Ася не отказалась бы почувствовать его зубы и на своей груди. Ей нравились эти жестокие молодые зубы. Они умели так же ненавидеть и любить, как и ее зубы. Несправедливость Марка, которую она способна была признать справедливой, была ей ближе и родней, чем эквилибристика этих обезьян, которые в погоне за деньгами и успехом пляшут на проволоке. Не часто увидишь такого зверя, как француз, который с мстительным бесстыдством разоблачал бы лицемерие своей матери Франции ("Нет! Не матери-мачехи!.. ") Конечно, французы (как и другие народы) всегда кичились тем, что они одни умеют осуждать ближнего, тогда как другие народы умеют только восхвалять себя. Но когда французы (как и другие народы) приписывают себе опасную привилегию критиковать себя, этим они косвенно себя возвеличивают. И критика у них далеко не заходит. Они обволакивают ее дымом кадильниц. И после критики от них приятно пахнет, ибо, осуждая других, они для себя делают исключение... А Марк не делал для себя исключения. Марк изо всех сил бичевал не только своих соотечественников, но и самого себя. Ася, как все славяне, с пылкой страстью предавалась самоанализу, срывающему последние покровы (исповедьмания, которая у наиболее одаренных представителей этого народа развивает психологическое чутье за счет нравственного чувства). Ася глазами знатока оценивала это саморазоблачение, эту обнаженную душу, это свободомыслие. У нее было ощущение, что Марк обнажает свою душу ради нее. Так оно и было. Смутный животный инстинкт побуждал Марка показывать себя той, которую он желал. «Вот я голый! А теперь ты покажи себя!..»

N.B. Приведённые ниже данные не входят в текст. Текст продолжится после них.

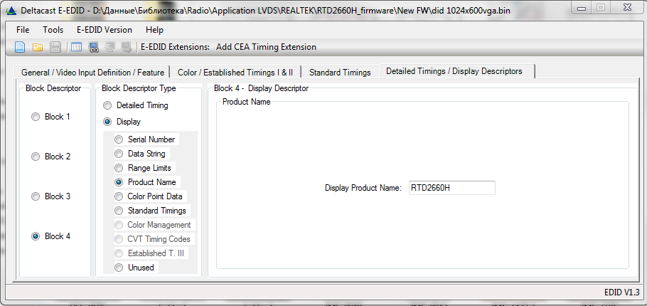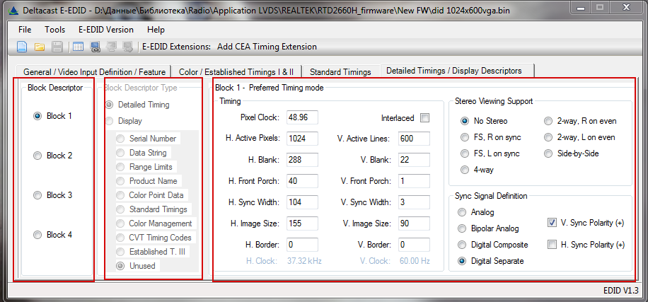 Но все же некоторые особенности разжую. Итак, EDID - блок объемом 128 байт. Обращаю на это внимание, поскольку некоторые редакторы из-за кривизны могут сделать его и другого размера. Тогда нужно в HEX редакторе оставить 128 байт, а остальные "нули" удалить. Для создания массива EDID чаще всего используют программу EDID-Editor. Их бывает много, но суть одна. Для того, чтобы создать блок EDID помимо основных (разрешение, частота) нужно иметь некоторые данные, имеющие отношение к временнЫм характеристикам матриц, т.н. тайминги. В некоторых даташитах на матрицы EDID выкладывают как есть готовый, в других - нет. Тогда его нужно рассчитать исходя из таймингов на матрицу. Однако зачастую тайминги бывают довольно мудро зашифрованы и разобраться довольно сложно. Вот тогда в помощь годится очень полезное понятие - моделайн. Это массив неких усредненных данных, который является расчетом из исходных разрешения и частоты обновления экрана. Причем хоть и данные усредненные, но их вполне достаточно, чтобы заработали любые матрицы равного разрешения - большинство временных параметров матриц имеют "ворота". К сожалению калькулятор моделайна в виде самостоятельной программы я не могу выложить (я попросту его не встречал), но есть сайт, на котором онлайн можно это сделать: http://www.arachnoid.com/modelines/ Заходим туда, а там все очень просто. Не буду пояснять слишком глубоко, нам интересна таблица Required inputs. Правая таблица - это опциональная и для разжевывания ее нужно время, при том что сами опции не сильно то требуются в нашем случае. Ниже по тексту идет расшифровка некоторых понятий и величин. Даже рисунок, который тоже многое объясняет. Вводим разрешение, например 1024*600 и частоту 60Гц. Результат: # 1024x600 @ 60.00 Hz (GTF) hsync: 37.32 kHz; pclk: 48.96 MHz Modeline "1024x600_60.00" 48.96 1024 1064 1168 1312 600 601 604 622 -HSync +Vsync Ну а теперь подвожу к тому, для чего все это нужно. Взглянем на окно программы EDID Editor Вложение 42187 Как видим, для создания массива EDID нужны тайминги, которые я обвел прямоугольником. Вот их то мы и берем из моделайна. Итак, как они там "зашифрованы": "1024x600_60.00" 48.96 1024 1064 1168 1312 600 601 604 622 -HSync +Vsync" - 1024x600_60.00: Resolution_Refresh (Hz, после точки - дробная часть) - 48.96: Pixel Clock (MHz, после точки - дробная часть) - 1024: H. Active Pixels - 1064: H. Start of Sync Pulse - 1168: H. End of Sync Pulse - 1312: H. End of Blanking Interval - 600: V. Active Lines - 601: V. Start of Sync Pulse - 604: V. End of Sync Pulse - 622: V. End of Blanking Interval -HSync +Vsync - эти "галочки" ставятся в программе расчета. Я намеренно не стал переводить все строчки, потому что в программах расчета по-русски не бывает. H и V - означает, что величина относится к горизонтальным и вертикальным параметрам соответственно. Поскольку для расчета нужны еще и некоторые промежуточные параметры, поэтому привожу, как они взаимосвязаны с уже имеющимися: H. Start of Sync Pulse = H. Active Pixels + H. Sync Offset H. End of Sync Pulse = H. Start of Sync Pulse + H. Sync Width H. End of Blanking Interval = H. Active Pixels + H. Blank Pixels и точно так же для "вертикали": V. Start of Sync Pulse = V. Active Lines + V. Sync Offset V. End of Sync Pulse = V. Start of Sync Pulse + V. Sync Width V. End of Blanking Interval = V. Active Lines + V. Blank Lines В этих взаимосвязях вы найдете все необходимые для расчета величины. Их же можно взять для подстановки не только в редактор EDID, но и в любой другой (например EMGD). Да, вот еще, иногда в редакторах некоторые тайминги называют по разному. Поэтому привожу известные мне вариации: H. Sync Offset = H. Front Porch V. Sync Offset = V. Front Porch Теперь можно перейти к практике. Напомню еще один важный момент. Для какой цели нужен блок edid - от этого зависит как

Она слышала этот призыв. Горячими волнами набегало на нее желание ответить, распахнуться и крикнуть ему: «На, смотри!»
Она знала Марка гораздо ближе, чем он знал ее. В нем уже не оставалось ничего такого, что было бы скрыто от ее глаз. В них была запечатлена каждая частица его тела. И теперь, когда тело наполнялось возрождающейся жизнью, жизнь приливала также и к отпечатку, который она носила в себе. Отпечаток обжигал ее. Пленник забирал ее в плен. Он начинал стеснять ее...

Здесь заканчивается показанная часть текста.